Hailey Vandewiele wants you to see growing up in America through the eyes of Ariela, a teenage girl who is the epitome of a teenager growing up in the "1.5 generation."

Vandewiele, an Eastern New Mexico University senior and a native of Oregon, described the 1.5 generation as the group of immigrants who come to the U.S. fairly young, but only know the states as their home, or as the generation between the first and second.

Christina Calloway: Portales News-Tribune

Hailey Vandewiele, right, acts as her character teenage Ariela as she sings a tune about her disagreements with her mother about their Mexican culture. ENMU Instructor of Music Kayla Paulk accompanies Vandewiele on the piano.

She has channeled her desire to teach empathy and compassion for immigrants in America into a senior project that incorporates her love of the arts and her Spanish minor. She encourages the community to watch her production set for this Friday on ENMU's campus.

"It's a fictional story I've created based on interviews I've read and people I've talked to," Vandewiele said.

Beyond her research for the project, Vandewiele used her friend and fellow ENMU student Molly Chavez' coming-of-age story to inspire her script. Chavez will narrate Ariela's story for the show.

Vandewiele said Ariela's story starts in Mexico, where her father decides to move to the U.S., and she and her mother soon follow.

But Ariela's father eventually gets deported and is killed attempting to cross the border back to the U.S.

Christina Calloway: Portales News-Tribune

Eastern New Mexico University senior Hailey Vandewiele rehearses her lyrical dance piece for her senior project production Tuesday. He. She. They. USA., will incorporate a story, dance and music to tell a story of an immigrant youth in America.

Vandewiele says after the death of Ariela's father, Ariela grows up in the U.S., dealing with an array of issues from what typical teenagers face, poverty, her mother's alcoholism, and hate for her Mexican heritage, not knowing she wasn't born a U.S. citizen.

"She grows up as an American because she has access to public education," Vandewiele said.

The idea for this particular story evolved when Vandewiele asked Chavez what life is like in America growing up as a Hispanic female.

"I think I gave her a little more than she bargained for," Chavez said.

Though Chavez is an American citizen and a native of Belen, her relationship with her mother and struggles with identity helped write the story.

"A lot of the script is based on what I went through with my mom," Chavez said. "We were poor for the majority of my life but I never felt like I was lacking anything."

Chavez said her mother has overcome her issues with alcohol abuse and has served as an inspiration for her dreams, especially doing so as a single mother.

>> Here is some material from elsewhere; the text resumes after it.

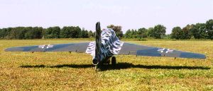 | Rear view, showing the wing's upper camouflage and the all white iron crosses. | ||

"My mom really shaped the young woman I am today," Chavez said. "She instilled in me to treat everyone with love and respect. I succeeded greatly in life because of her."

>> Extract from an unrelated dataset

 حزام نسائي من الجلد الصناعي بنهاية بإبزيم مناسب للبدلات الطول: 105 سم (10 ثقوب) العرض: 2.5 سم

Chavez said in addition to being a good friend of Vandewiele's, she wanted to help her spread the message of understanding and tolerance for people of other cultures.

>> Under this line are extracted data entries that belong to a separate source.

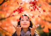 画像素材:鮮やかな紅葉の木の下で、舞い落ちるもみじの葉を舞い上げる女性の幻想的な瞬間を捉えました。秋の旅行、レジャー、季節の移ろいを感じさせる広告素材として最適です。温かみのある色彩と女性の表情が魅力的な一枚です。
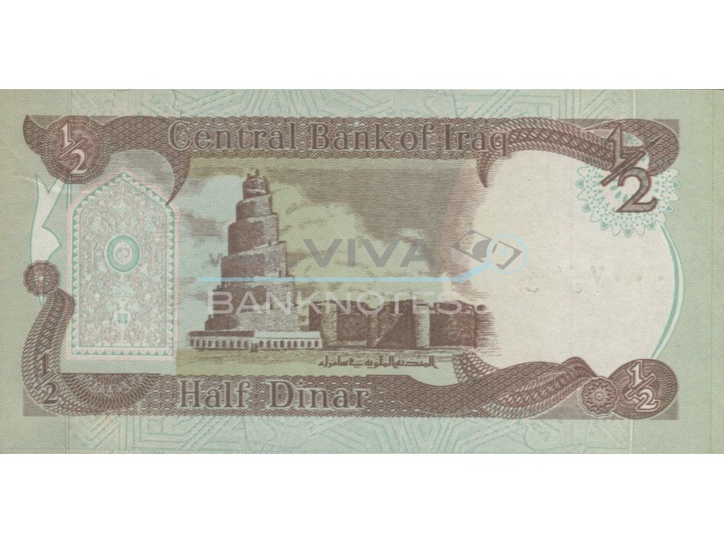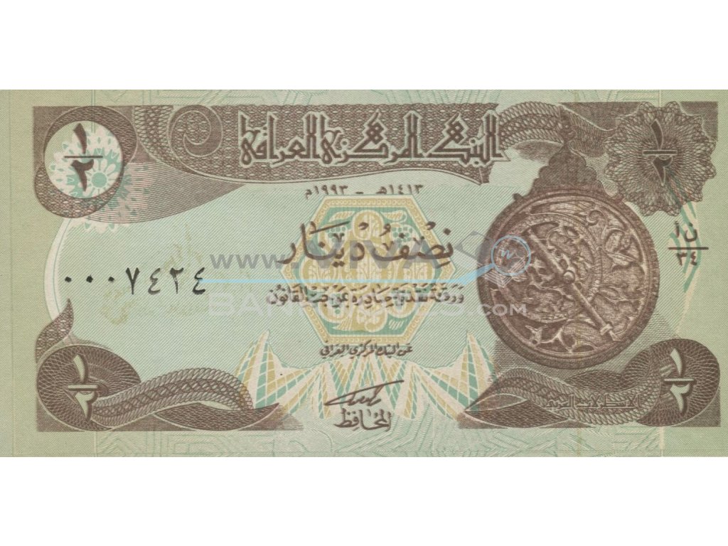1/2 Dinar 1993 UNC. Brown on multicolor underprint. Astrolabe at right. Gulf War Emergency Issue. Back: Minaret of Samarra. Light green underprint over watermark area. Issued by Central Bank of Iraq Printer: Chinese.
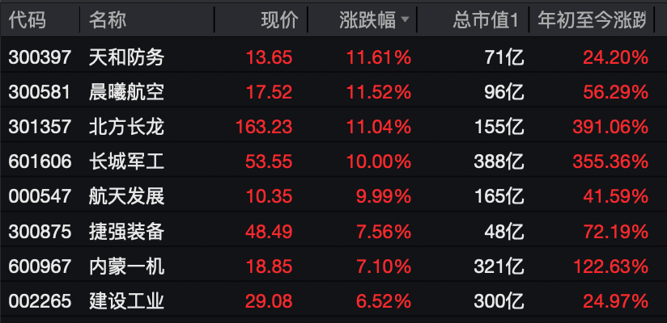 个股方面,长城军工、航天发展录得10cm涨停,天和防务、晨曦航空、北方长龙涨超11%,中航成飞、中航沈飞涨超2%。

"The ignorance people can have about immigration, I think that's what motivated me," Vandewiele said. "There's evil in the world that happens because it's so easy for us to dehumanize each other."

Vandewiele said she's using music to spread her message, using 13 songs in the show to symbolize Ariela's growth in America.

"Music is a shortcut to your emotions," Vandewiele said. "If I can tell the story and have people watch it and see it, they can somehow achieve an understanding. It will bring them back to the reality that we're all people."

She hopes her message will move people to push for changes in policies to help the 1.5 generation become citizens.